Nurturing your alumni network
We are all alumni from somewhere. Scan through your LinkedIn or Whatsapp list and you would notice that both your friends and professional contacts are largely from schools you attended, places you worked in and because of interests you developed along the way.
I went to University of Michigan 10 years ago and not a week goes by without Michigan finding a way to keep giving back to me. I started our company with Michigan alumni in the student lounge, raised money from Michigan folks, contributed to books by Michigan professors, hired via Michigan, volunteered at Michigan organizations, built partnerships with Michigan companies and worked for Michigan clients.
Here are a few thoughts on nurturing your own alumni networks.
1) Education/ workplace is a seed for future relationships. It’s a common misconception that our relationship with our school ends after we are educated. In fact, it’s quite the opposite. It’s the relationships that we build during and after that give rise to continued learning that becomes immensely useful in our careers.
At work, people fail to realize that it’s their colleagues who are actively forming present and future relationships that can form a base for the future. Colleagues can become business partners, friends, family, investors, classmates, promoters and on and on. We would be far more compassionate in our dealings if we viewed everyone we worked with in this light.
2) Give and the get happens. As with any relationship, the person who gets the most is the one who contributes the most. And the giving is usually never transactional – when you give, you get unexpected returns from totally unexpected sources. The idea is to be in the mode of contributing with your knowledge, your resources, your time, your money – whatever is possible and natural for you.
3) Weak links are actually quite strong. Most of my business relationships today are because of a few minutes of random conversation I had years ago with no expectation. The weak links become strong when opportunities arise.
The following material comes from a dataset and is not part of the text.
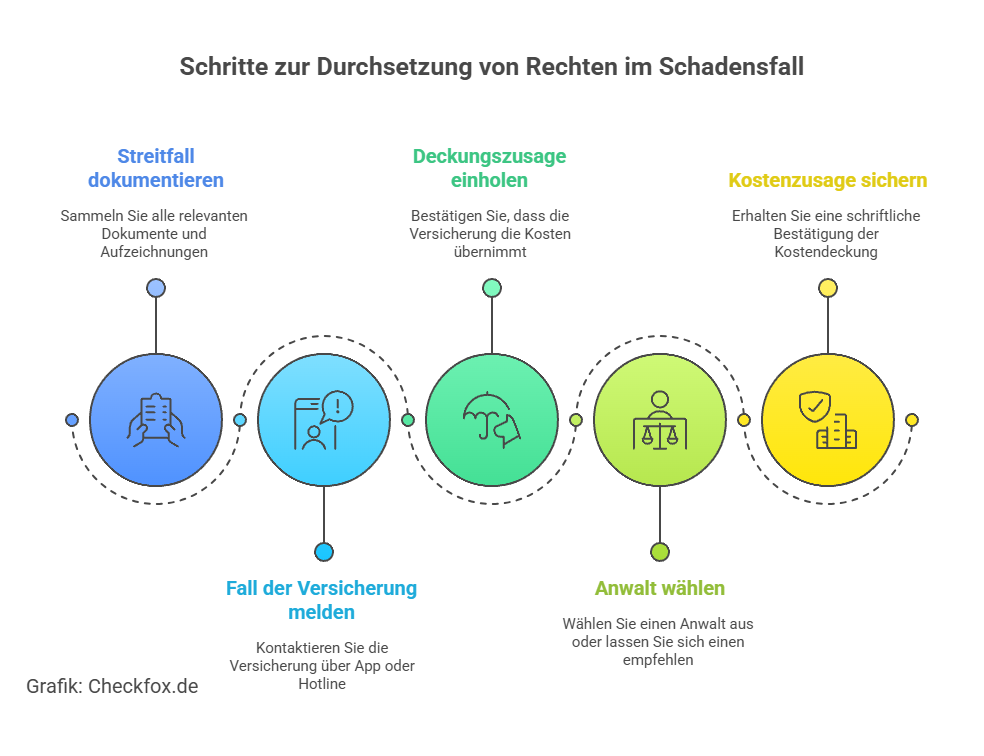 - Kostenabrechnung: Der Anwalt rechnet direkt mit der Versicherung ab – nur die Selbstbeteiligung (falls vorhanden) zahlen Sie selbst.

When I choose people I wish to work with, I usually look for people who have confidently delivered in some domain, have easier egos and emotions, are trustworthy and can be fun to hangout with. The opposite is true too – when I choose to skip working with someone, it’s usually because of a series of small behavioral observations over a period of time. Alumni networks provide an opportunity to expose yourself to a wide array of weak links that can be brought to action when needed.
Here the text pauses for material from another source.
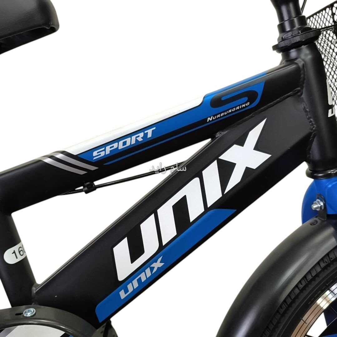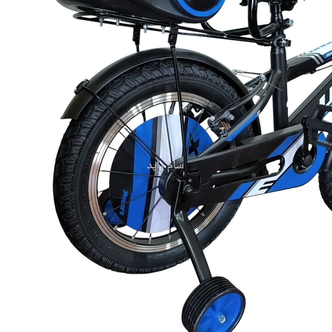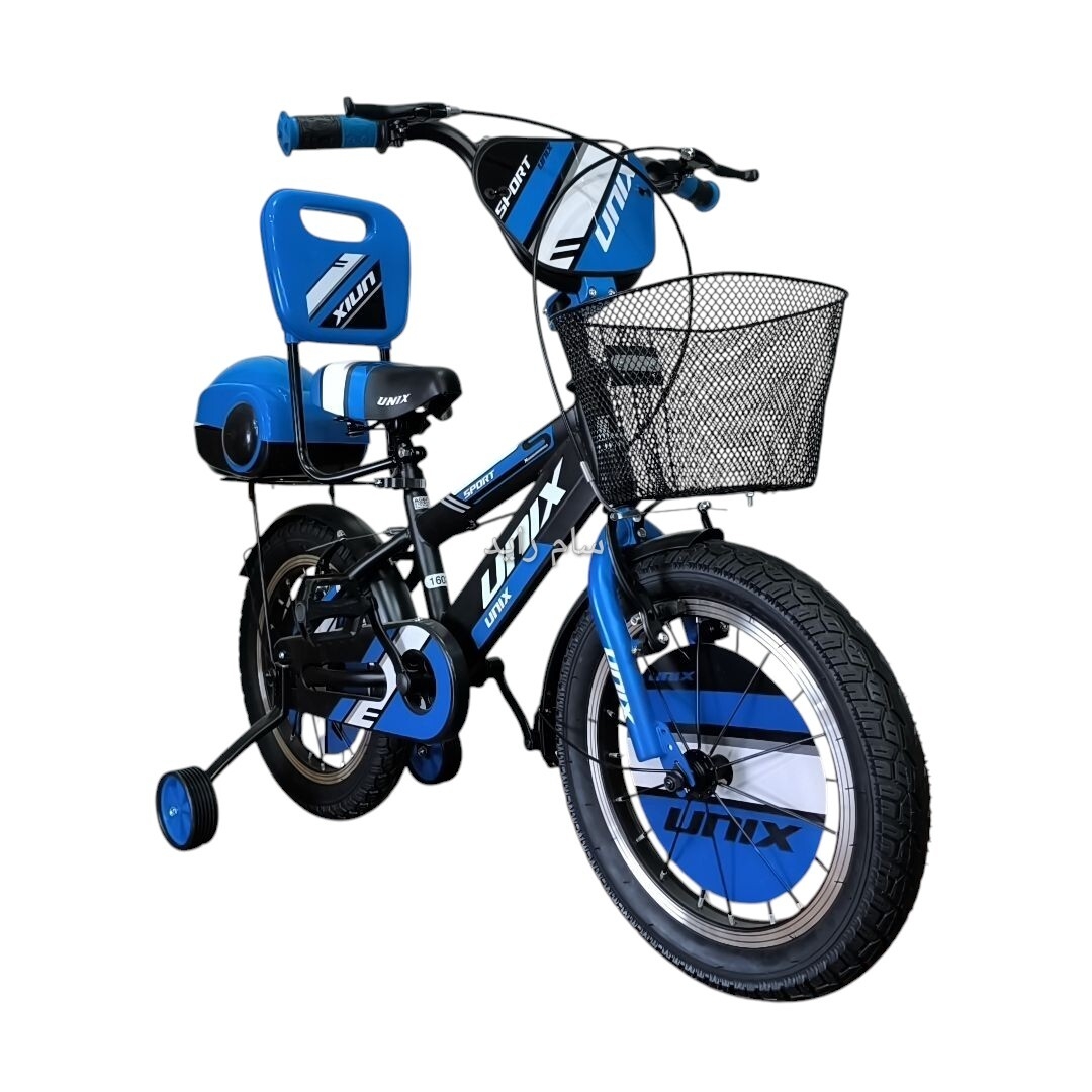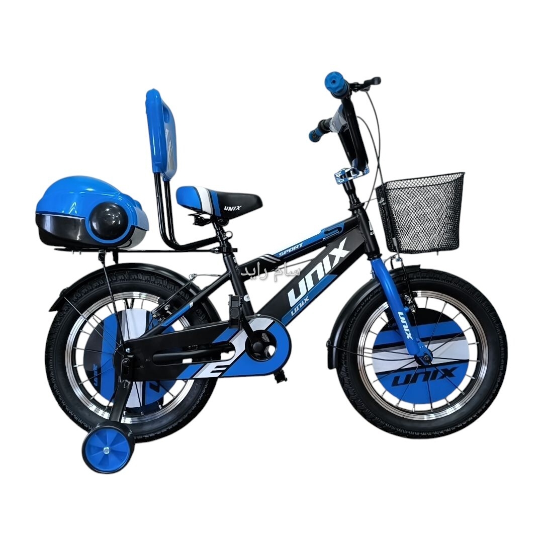 دوچرخه سایز ۱۶ مشکی آبی سبد پشتی دار لاستیک پهن UNIX

4) Business networking is passe. I remember often being lost in b-school career networking events. It’s high stress and somewhat desperate. Nurturing relationships over a long period of time is more natural. Alumni networks require nurturing. It’s not about stuffing your business cards into people’s hands and finding out quickly if they can be useful to you now. It’s about getting to know people who share a common, emotional experience. And that’s very powerful.
5) Showing up matters. When we’ve been out of touch for awhile, we often don’t know where to begin. We worry what others might think about us. Once we get over that self-created phase of comparing and wanting, we enjoy the communities that we already, naturally belong to. Just go have a drink or grab that coffee. Nurturing happens as it should. And it’s even better if there are no opportunities to show up – you get to create one for others and they would be indebted to you.
I engage in a variety of ways with my school and with our past colleagues and if someone calls/ emails me, I love to respond. The experience is rewarding and enriching. People often ask me how I get the time. I often wonder how they cannot.